**Material provided:**
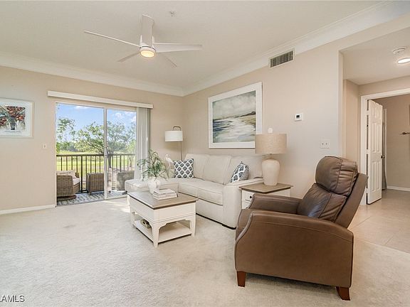 Don't miss this opportunity to own a completely updated and remodeled 3-bedroom, 2-full bathroom condo in the highly sought-after community of Royal Greens At Gateway in Fort Myers! This stunning unit offers the perfect blend of modern elegance and resort-style living. Step inside and be greeted by a light and bright open floor plan featuring nine-foot ceilings and neutral paint throughout. The fully remodeled kitchen is a chef's dream, boasting gorgeous granite countertops, including a convenient island, and upgraded black stainless steel appliances. Relax and unwind in the beautifully renovated bathrooms, both featuring stylish granite counters. The walk-in primary bathroom is a true retreat, complete with sleek glass shower doors, elegant subway tile, taller cabinets, and new, taller toilets. Enjoy the comfort of new carpet and freshly painted walls, lanai, and ceilings. The tile flooring has been meticulously stripped and re-grouted, giving it a fresh and clean look. All lighting fixtures have been updated, including four ceiling fans with lights to keep you comfortable year-round. Prepare to be captivated by the breathtaking views from every window, showcasing serene lakes, lush golf course greens, and swaying palm trees. This condo is truly move-in ready, with no detail overlooked. Beyond the beauty of the unit itself, you'll love the incredible on-site amenities, including:
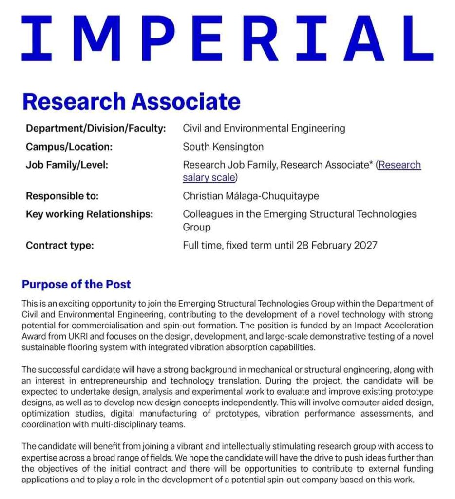 The Department of Civil and Environmental Engineering at Imperial College London has announced a research associate vacancy, presenting a golden opportunity for candidates interested in working on high-impact, industry-relevant research projects focused on sustainable structural systems and vibration monitoring.
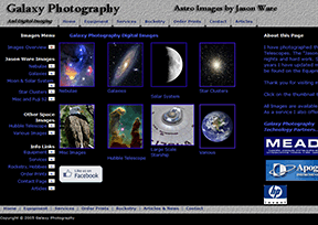 画廊摄影网(Galaxy Photography)是美国摄影师JasonWare的个人作品网站,主要展出其关于天文的摄影作品。1989年,JasonWare开始利用专门的米德仪器望远镜拍摄星空,他拍摄的图片也成为许多优秀影...
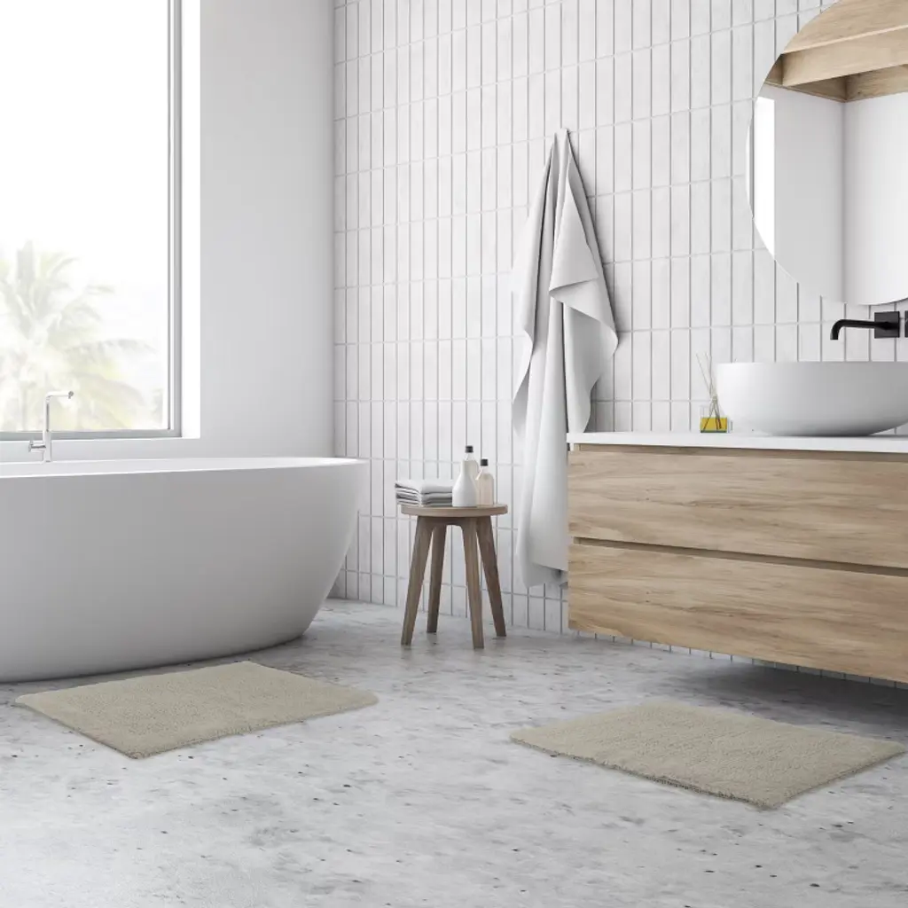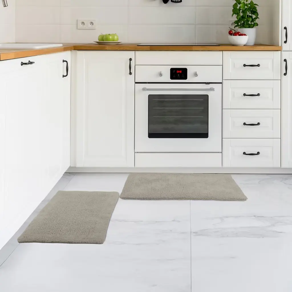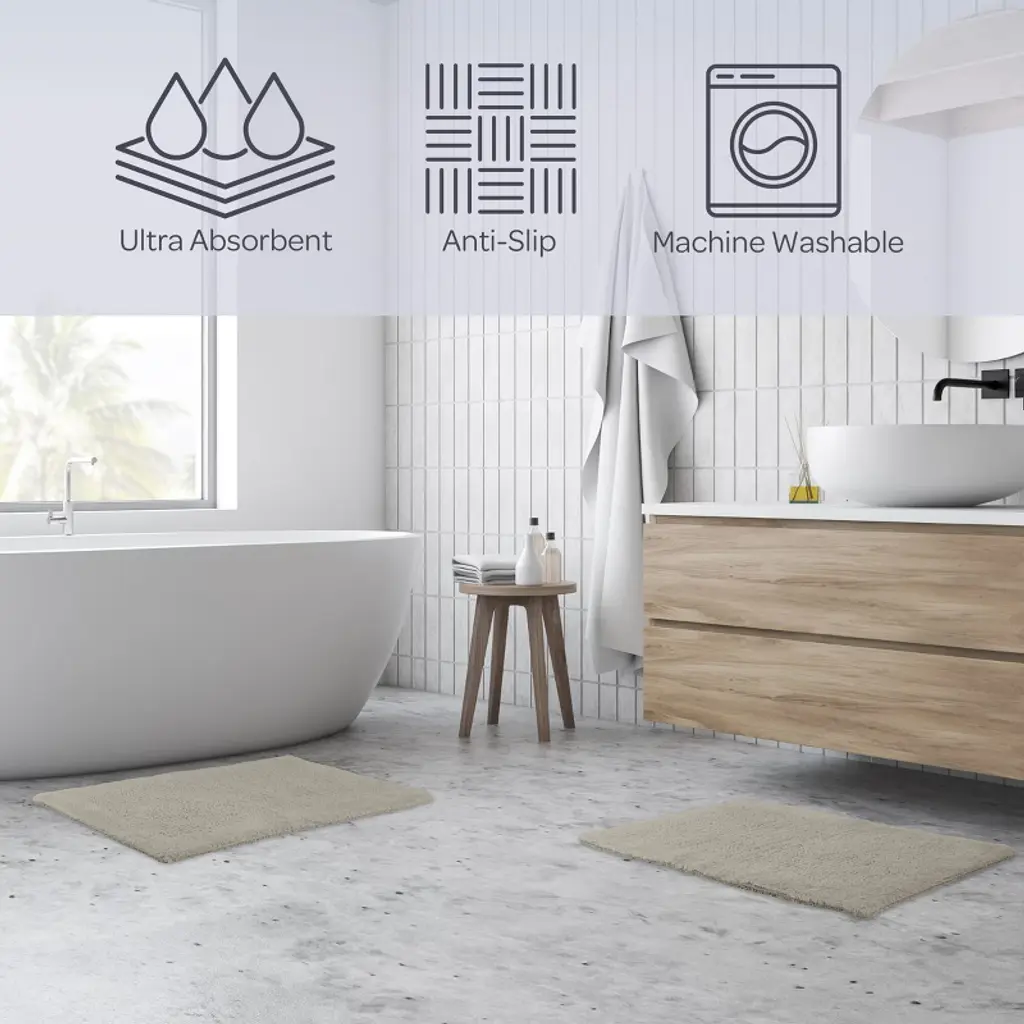 Pamper your feet by stepping out of the shower and onto the Bath Mats for Bathroom Floor Set of 2 by Lavish Home. The bathroom rugs set comes with one 17x24-inch small bathroom rug and one 21x34-inch long bath mat made of plush cotton with a 2500GSM thickness, making them soft to the touch as well as extremely absorbent and durable for lasting use in your bathroom, kitchen, or laundry room. Each cotton bath mat features a reversible design for twice the usage and is conveniently machine washable as needed for an easy to clean addition to your bathroom accessories.
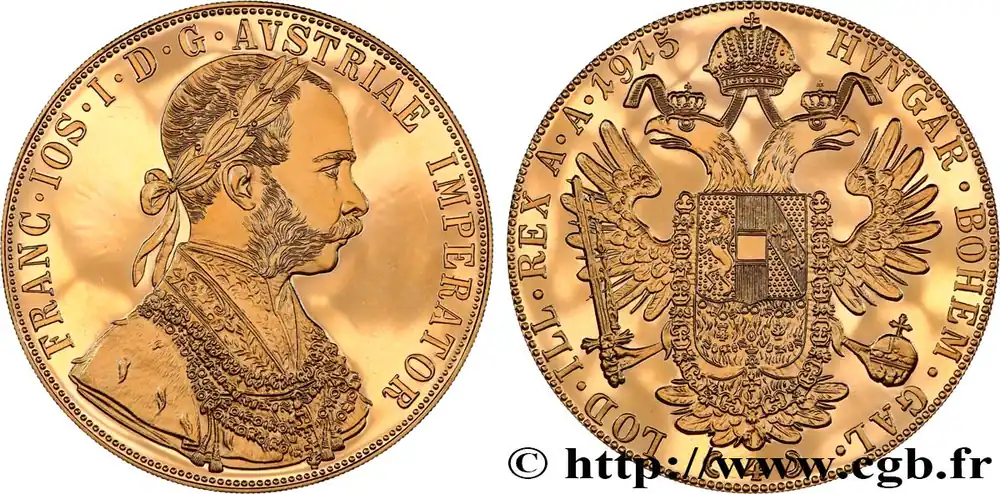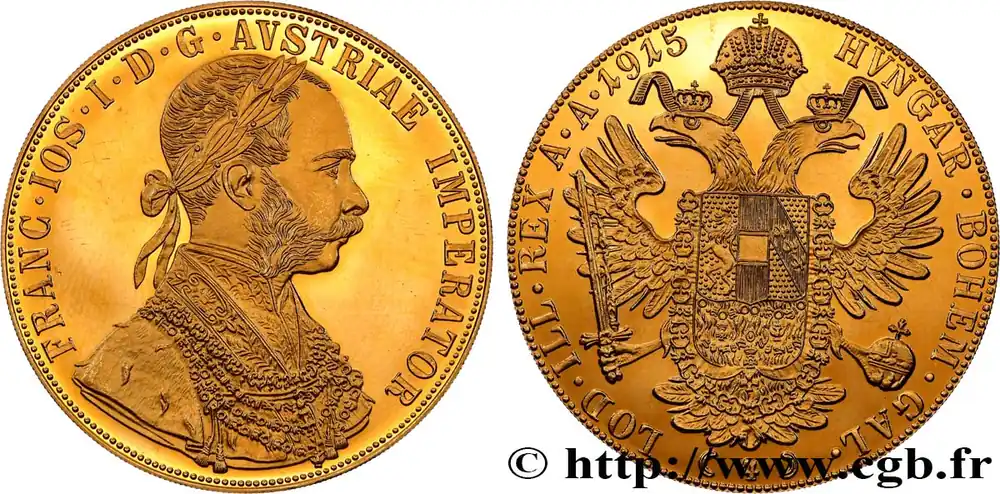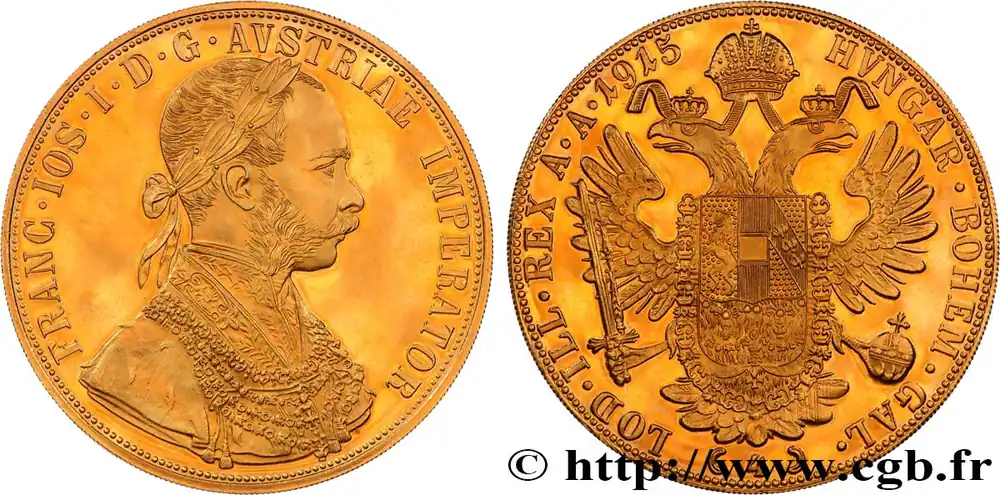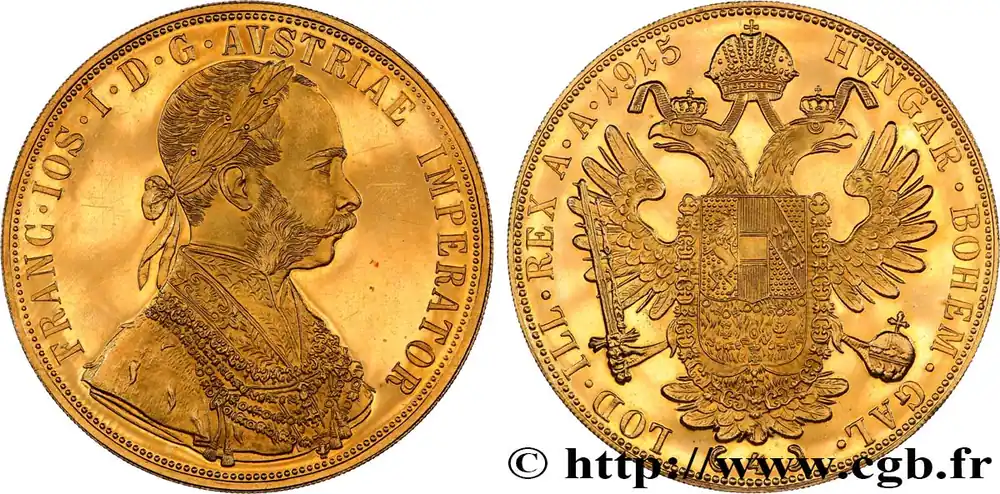 Type : 4 Ducats, refrappe moderne François Joseph Date : 1915Métal : orTitre en millième : 986 ‰Diamètre : 40 mmAxe des coins : 12 h.Poids : 13,96 g.Référence ouvrage :KM20/2276 AversTitulature avers : FRANC. IOS. I. D. G. AVSTRIAE IMPERATOR.Description avers : Buste habillé à droite de François Ier, la tête laurée.Traduction avers : (François Ier par la grâce de Dieu empereur d’Autriche).ReversTitulature revers : HVNGAR. BOHEM. GAL./ ( 4 )/ LOD. ILL. REX A. A. 1915.Description revers : Aigle bicéphale couronnée, les ailes déployées, tenant dans ses serres une épée et un monde ; en cœur, un écu entouré du collier de la Toison d’or.CommentaireLes monnaies autrichiennes datées 1915 sont des refrappes modernes.HistoriqueOR, PALLADIUM ET PLATINE INVESTISSEMENTSécurisez et diversifiez votre épargne avec les métaux précieux :Dans un contexte d’instabilité politique et économique croissante, diversifier son épargne peut être une démarche judicieuse. Les métaux précieux comme l’or, le palladium et le platine constituent des actifs tangibles souvent prisés en raison de leur caractère intemporel et de leur résilience face aux fluctuations des marchés.Pour répondre à des besoins variés, l’achat de pièces officielles en or, palladium ou platine est une option flexible et adaptée. Ces pièces, disponibles à l’unité ou en lot, permettent à chacun d’ajuster ses choix selon ses objectifs et son budget, sans engagement à long terme.Un processus simple et sécurisé :Nous proposons une livraison sécurisée et garantie. Les paiements peuvent être effectués par carte bancaire ou par virement, bien que certaines transactions puissent nécessiter un règlement exclusivement par virement bancaire. Une pièce d’identité valide (carte nationale d’identité ou passeport) sera demandée pour finaliser votre achat.Stockage en toute sécurité et confidentialité :Le département Investissement de CGB Numismatique Paris met à votre disposition des solutions de stockage offrant une sécurité renforcée et une confidentialité optimale pour vos achats en or, palladium et platine.Contactez-nous pour plus d’informations :Pour toute question ou pour passer commande, prenez contact avec notre responsable des achats/ventes de métaux précieux : par email à [email protected] ou par téléphone. Nous mettons à votre disposition des informations générales et des services pour vous accompagner dans vos projets d’investissement.CGB Numismatique Paris agit en tant que fournisseur de métaux précieux et ne fournit aucun conseil en investissement. La valeur des métaux précieux peut fluctuer, et les performances passées ne garantissent pas les résultats futurs. L’achat de métaux précieux doit être considéré comme une stratégie de préservation de valeur plutôt qu’un investissement spéculatif. Conformément à l’article L.221-28 du Code de la consommation, le droit de rétractation ne s’applique pas aux achats d’or d’investissement, dont le prix dépend des fluctuations des marchés financiers.
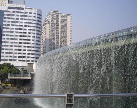 廣州火車東站及其廣場位于新城市中軸線的北段,東站綠化廣場以大面積的綠地營造了一個大尺度的環(huán)境空間效果,配以精致的花壇、雕塑、水景,體現(xiàn)了廣州現(xiàn)代化國際城市的都市風(fēng)采。長89米、高8米的玻璃墻構(gòu)成了水景瀑布的依托,流水從高平臺溢出,順玻璃墻瀉入水池,各色燈光不斷變幻將瀑布映得五顏六色。
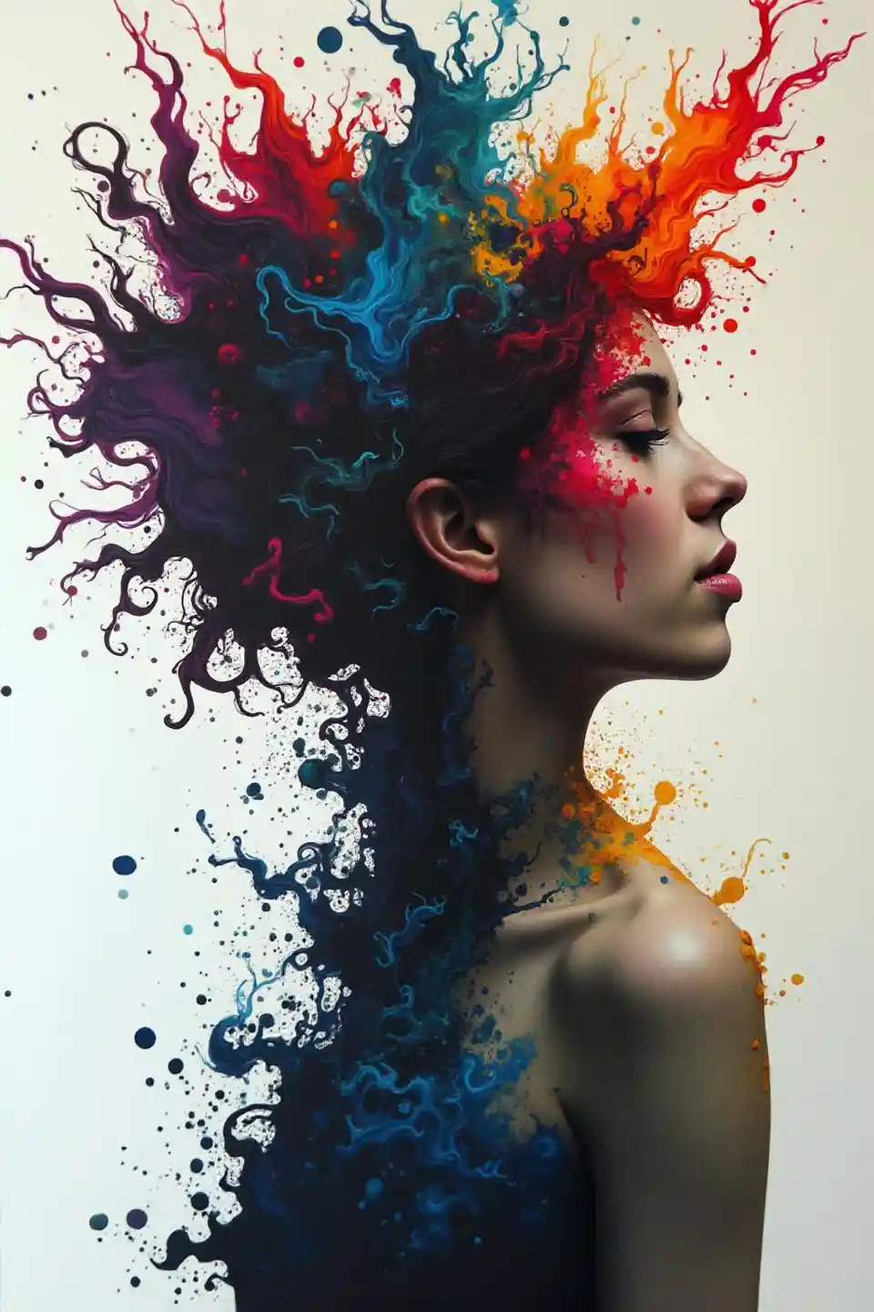 Colorful Woman in Black Ink Flow - 8k Masterpiece
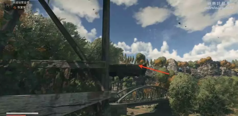 垂死之光 困獸 貨運站安全塔位置 30 9 月 2025-09-30 廣告 來源:互聯網 前往工業區如圖所示位置,就是貨運站安全塔。 看到貨運站安全塔,順著搭建一直往上攀爬。 爬到二層,跳到對面平台位置。 繼續到對面的木頭平台。 放下梯子繼續往上爬。 如圖所示位置,即可進入屋內。 進入右手即可看到電閘,恢復電力。

**What needs to be done:** Every line above should be duplicated exactly; the pictures are to be left out.

**Reply to the task:**
 Don't miss this opportunity to own a completely updated and remodeled 3-bedroom, 2-full bathroom condo in the highly sought-after community of Royal Greens At Gateway in Fort Myers! This stunning unit offers the perfect blend of modern elegance and resort-style living. Step inside and be greeted by a light and bright open floor plan featuring nine-foot ceilings and neutral paint throughout. The fully remodeled kitchen is a chef's dream, boasting gorgeous granite countertops, including a convenient island, and upgraded black stainless steel appliances. Relax and unwind in the beautifully renovated bathrooms, both featuring stylish granite counters. The walk-in primary bathroom is a true retreat, complete with sleek glass shower doors, elegant subway tile, taller cabinets, and new, taller toilets. Enjoy the comfort of new carpet and freshly painted walls, lanai, and ceilings. The tile flooring has been meticulously stripped and re-grouted, giving it a fresh and clean look. All lighting fixtures have been updated, including four ceiling fans with lights to keep you comfortable year-round. Prepare to be captivated by the breathtaking views from every window, showcasing serene lakes, lush golf course greens, and swaying palm trees. This condo is truly move-in ready, with no detail overlooked. Beyond the beauty of the unit itself, you'll love the incredible on-site amenities, including:
 The Department of Civil and Environmental Engineering at Imperial College London has announced a research associate vacancy, presenting a golden opportunity for candidates interested in working on high-impact, industry-relevant research projects focused on sustainable structural systems and vibration monitoring.
 画廊摄影网(Galaxy Photography)是美国摄影师JasonWare的个人作品网站,主要展出其关于天文的摄影作品。1989年,JasonWare开始利用专门的米德仪器望远镜拍摄星空,他拍摄的图片也成为许多优秀影...
 Pamper your feet by stepping out of the shower and onto the Bath Mats for Bathroom Floor Set of 2 by Lavish Home. The bathroom rugs set comes with one 17x24-inch small bathroom rug and one 21x34-inch long bath mat made of plush cotton with a 2500GSM thickness, making them soft to the touch as well as extremely absorbent and durable for lasting use in your bathroom, kitchen, or laundry room. Each cotton bath mat features a reversible design for twice the usage and is conveniently machine washable as needed for an easy to clean addition to your bathroom accessories.
 Type : 4 Ducats, refrappe moderne François Joseph Date : 1915Métal : orTitre en millième : 986 ‰Diamètre : 40 mmAxe des coins : 12 h.Poids : 13,96 g.Référence ouvrage :KM20/2276 AversTitulature avers : FRANC. IOS. I. D. G. AVSTRIAE IMPERATOR.Description avers : Buste habillé à droite de François Ier, la tête laurée.Traduction avers : (François Ier par la grâce de Dieu empereur d’Autriche).ReversTitulature revers : HVNGAR. BOHEM. GAL./ ( 4 )/ LOD. ILL. REX A. A. 1915.Description revers : Aigle bicéphale couronnée, les ailes déployées, tenant dans ses serres une épée et un monde ; en cœur, un écu entouré du collier de la Toison d’or.CommentaireLes monnaies autrichiennes datées 1915 sont des refrappes modernes.HistoriqueOR, PALLADIUM ET PLATINE INVESTISSEMENTSécurisez et diversifiez votre épargne avec les métaux précieux :Dans un contexte d’instabilité politique et économique croissante, diversifier son épargne peut être une démarche judicieuse. Les métaux précieux comme l’or, le palladium et le platine constituent des actifs tangibles souvent prisés en raison de leur caractère intemporel et de leur résilience face aux fluctuations des marchés.Pour répondre à des besoins variés, l’achat de pièces officielles en or, palladium ou platine est une option flexible et adaptée. Ces pièces, disponibles à l’unité ou en lot, permettent à chacun d’ajuster ses choix selon ses objectifs et son budget, sans engagement à long terme.Un processus simple et sécurisé :Nous proposons une livraison sécurisée et garantie. Les paiements peuvent être effectués par carte bancaire ou par virement, bien que certaines transactions puissent nécessiter un règlement exclusivement par virement bancaire. Une pièce d’identité valide (carte nationale d’identité ou passeport) sera demandée pour finaliser votre achat.Stockage en toute sécurité et confidentialité :Le département Investissement de CGB Numismatique Paris met à votre disposition des solutions de stockage offrant une sécurité renforcée et une confidentialité optimale pour vos achats en or, palladium et platine.Contactez-nous pour plus d’informations :Pour toute question ou pour passer commande, prenez contact avec notre responsable des achats/ventes de métaux précieux : par email à [email protected] ou par téléphone. Nous mettons à votre disposition des informations générales et des services pour vous accompagner dans vos projets d’investissement.CGB Numismatique Paris agit en tant que fournisseur de métaux précieux et ne fournit aucun conseil en investissement. La valeur des métaux précieux peut fluctuer, et les performances passées ne garantissent pas les résultats futurs. L’achat de métaux précieux doit être considéré comme une stratégie de préservation de valeur plutôt qu’un investissement spéculatif. Conformément à l’article L.221-28 du Code de la consommation, le droit de rétractation ne s’applique pas aux achats d’or d’investissement, dont le prix dépend des fluctuations des marchés financiers.
 廣州火車東站及其廣場位于新城市中軸線的北段,東站綠化廣場以大面積的綠地營造了一個大尺度的環(huán)境空間效果,配以精致的花壇、雕塑、水景,體現(xiàn)了廣州現(xiàn)代化國際城市的都市風(fēng)采。長89米、高8米的玻璃墻構(gòu)成了水景瀑布的依托,流水從高平臺溢出,順玻璃墻瀉入水池,各色燈光不斷變幻將瀑布映得五顏六色。
 Colorful Woman in Black Ink Flow - 8k Masterpiece
 垂死之光 困獸 貨運站安全塔位置 30 9 月 2025-09-30 廣告 來源:互聯網 前往工業區如圖所示位置,就是貨運站安全塔。 看到貨運站安全塔,順著搭建一直往上攀爬。 爬到二層,跳到對面平台位置。 繼續到對面的木頭平台。 放下梯子繼續往上爬。 如圖所示位置,即可進入屋內。 進入右手即可看到電閘,恢復電力。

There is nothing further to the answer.